Lc não parece estabelecer distinção entre os discípulos: “qualquer um de vós”. A advertência vale para todos.

Este v. retoma a conclusão dos vv. 26-27 e dá uma aplicação nova às duas parábolas precedentes. Faz delas um apelo a “renunciar” a todos os bens próprios. É um ensinamento predileto de Lc (12,13-34; 16,1-13; 18,24-30; cf. 5,11.28; 18,22).

Esta conclusão contém um paradoxo na aplicação: Para construir ou fazer guerra é preciso contar com meios, mas, para seguir Jesus, o essencial é não possuí-los. Os discípulos não precisam de meios materiais, mas de espirituais (cf. a missão deles em 9,1-3; 10,4). O rei “mais forte” é Deus ou Jesus que vem ao nosso encontro (parusia); é preciso “reconciliar-se” com ele (cf. 3,16s; 2Cor 5,19-20). Sem Deus, o nosso projeto humano não haverá êxito (cf. a torre de Babel em Gn 11).

O que vale como moral das parábolas vale também para o seguimento de Jesus e para a formação vocacional nos seminários. É preciso discernir a própria vocação e usar a razão para a maior glória de Deus.

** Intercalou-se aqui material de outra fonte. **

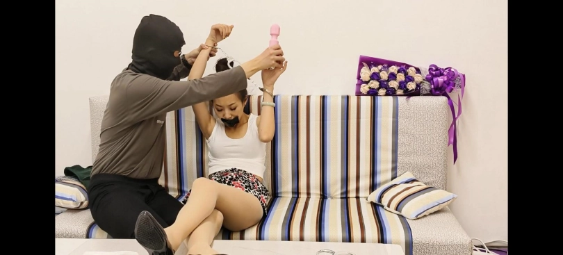 【睡美脚】【居家少妇诺米的堕落】鼓掌ZDB胶带封嘴反复捂晕翻白眼TK肉丝捆绑手铐束缚

O site da CNBB comenta: O nome de cristão é motivo de orgulho para muita gente e muitos usam esse nome e fazem propaganda do fato de serem cristãos. Mas muitos são cristãos de apenas de nome e de conversa, porque quando surgem as exigências da vivência coerente com o evangelho, são os primeiros a recuarem e a ficarem teorizando formas de religião que justifiquem a sua incoerência evangélica e outros valores nada cristãos que marcam as suas vidas. A exigência de Jesus é clara: renunciar a todos os valores que são contrários ao evangelho e fazer do seu seguimento o centro da própria vida. O resto é conversa fiada de quem quer usar do discurso para legitimar os próprios erros.